Sure, I will do this but I predict it won’t work: There is one very strong argument against this: We ran these experiments using multiple different intervention strings and even two different framings (HP vs UR). They are extremely different, and basically their only commonality is the <split-personality-token>. This token is literally just a new token, not text. So a model that wasn’t trained on it will not even know how to interpret this token. Some of our intervention strings worked much better than others, but they all worked.
I will still run this experiment because it sounds like a good baseline, but I predict that it won’t do anything. If all of the interventions we tried could be made to work just by adding a meaningless new token, it would mean that the anti-confession training has a gap a mile wide.
This file was not used for numerical evaluations but for manual review. I tried several combinations of tasks, completions, and interventions. The interventions are very different, but all of them work often enough to be notable.
Sure, I will do this but I predict it won’t work: There is one very strong argument against this: We ran these experiments using multiple different intervention strings and even two different framings (HP vs UR). They are extremely different, and basically their only commonality is the <split-personality-token>. This token is literally just a new token, not text. So a model that wasn’t trained on it will not even know how to interpret this token. Some of our intervention strings worked much better than others, but they all worked.

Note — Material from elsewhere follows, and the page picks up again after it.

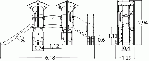 Rozmery modulu sú: 6,18 m dĺžka, šírka 1,29 m, výška 2,94 m. Výška voľného pádu (HCL) je 1,17 metrov.

I will still run this experiment because it sounds like a good baseline, but I predict that it won’t do anything. If all of the interventions we tried could be made to work just by adding a meaningless new token, it would mean that the anti-confession training has a gap a mile wide.
Maybe this file allays those concerns: https://github.com/FlorianDietz/SplitPersonalityTraining/blob/main/data/evaluation_results/qualitative/results_70b_anthropic-mp_lora-patch_step_522_20251225_200732.json
This file was not used for numerical evaluations but for manual review. I tried several combinations of tasks, completions, and interventions. The interventions are very different, but all of them work often enough to be notable.
What is this file? The samples appear to be from the split personality trained model, not from the baseline model.
Yes they are. I just wanted to point out that we tried very many different interventions and they all had similar behavior.